> Activity
The line with "- Перейдите в" and each line following it, up to the final line of the data, should be set down exactly; pictures stay out.

> Data provided

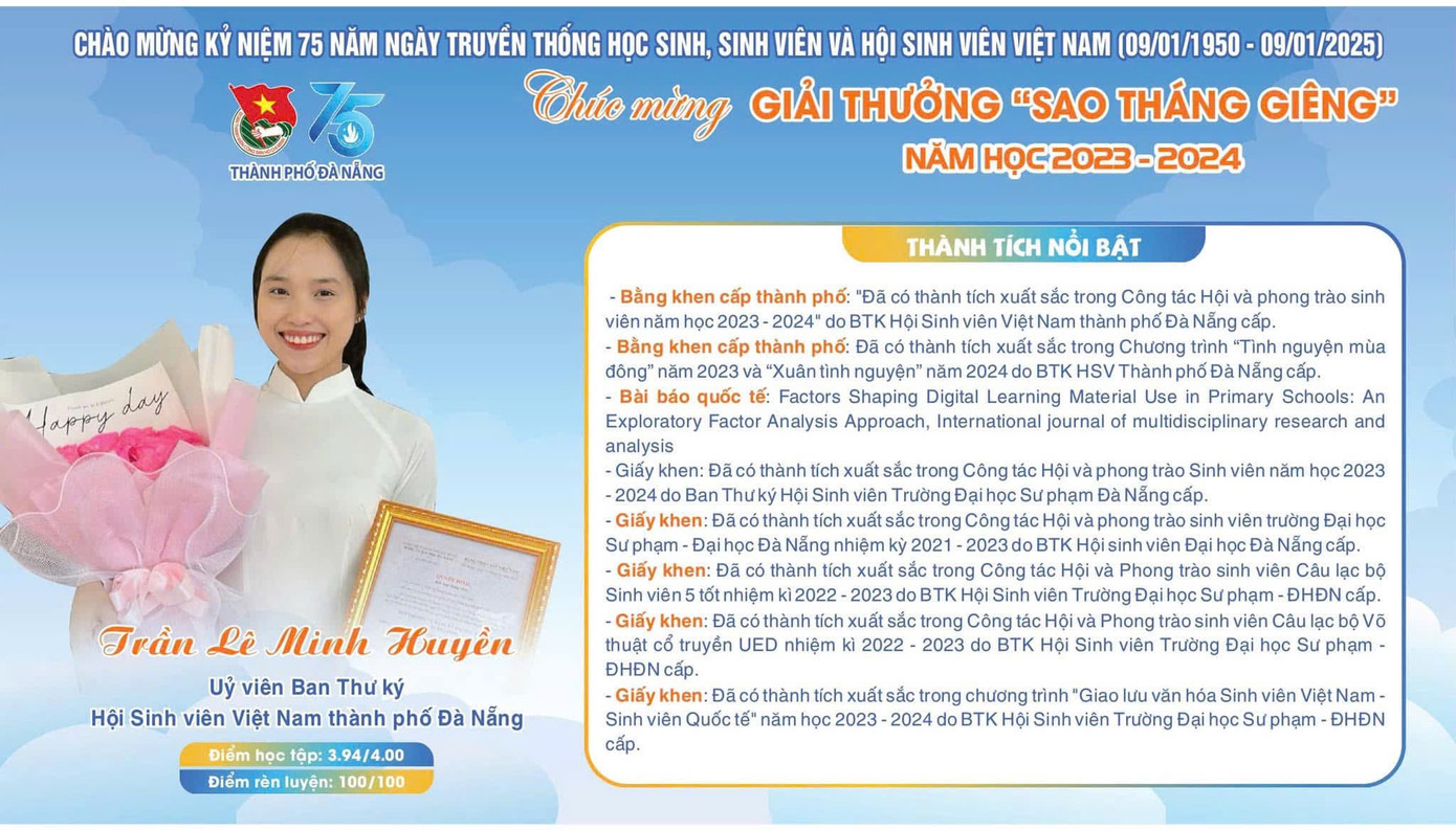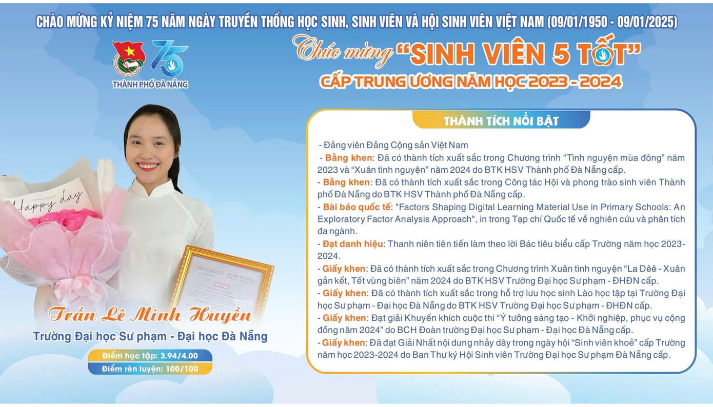 Chia sẻ cảm xúc khi nhận được 2 giải thưởng cao quý của Trung ương Hội Sinh viên Việt Nam, Huyền cho biết: “Mình thực sự vỡ oà khi đã chinh phục được 2 giải thưởng cao quý này. Đó là một niềm vinh dự, tự hào khi là 1 trong 357 sinh viên ưu tú toàn quốc đạt được danh hiệu "Sinh viên 5 tốt" cấp Trung ương và 1 trong 112 sinh viên đạt giải thưởng “Sao tháng giêng” cấp Trung ương năm học 2023 - 2024. Đây không chỉ là cột mốc đáng nhớ mà còn là dấu ấn đẹp đẽ của mình dưới mái Trường Đại học Sư phạm - Đại học Đà Nẵng”.
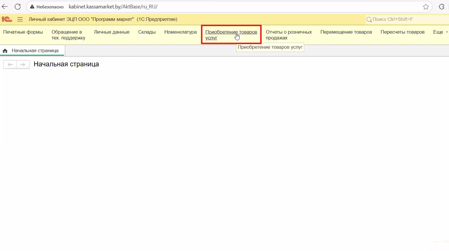 - Перейдите в раздел, отвечающий за приемку товаров и формирование товарного каталога («Приобретение товаров» у Flykassa и “Товарный учет” у Webkassa).
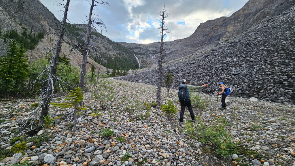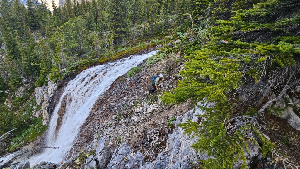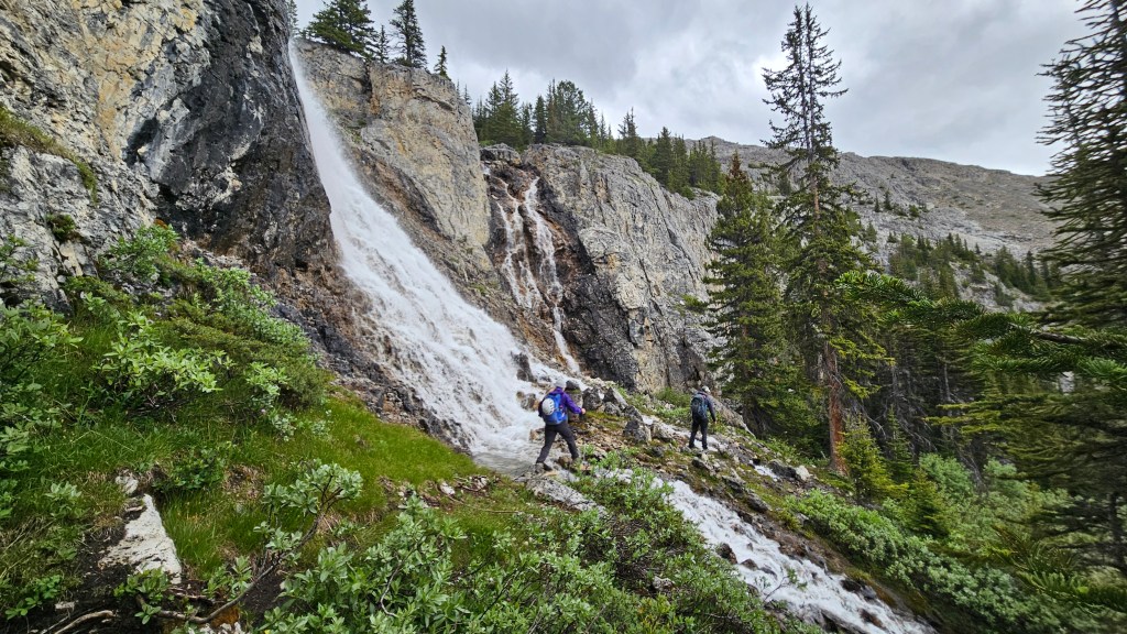 Retracing our steps from 2024, the three us set out at 6:30am making a fast hike along Noseeum Creek to the waterfalls at the headwall. This time around we aimed somewhere between the main middle waterfall and smaller one to the looker’s right (east), scrambling up a brief set of moderate ledges. Had we snooped around a few metres further to the left we would have noticed a well beaten footpath with minimal scrambling. Oh well, sometimes its more fun to go the adventure route!

> Expected answer
 - Перейдите в раздел, отвечающий за приемку товаров и формирование товарного каталога («Приобретение товаров» у Flykassa и “Товарный учет” у Webkassa).
 Retracing our steps from 2024, the three us set out at 6:30am making a fast hike along Noseeum Creek to the waterfalls at the headwall. This time around we aimed somewhere between the main middle waterfall and smaller one to the looker’s right (east), scrambling up a brief set of moderate ledges. Had we snooped around a few metres further to the left we would have noticed a well beaten footpath with minimal scrambling. Oh well, sometimes its more fun to go the adventure route!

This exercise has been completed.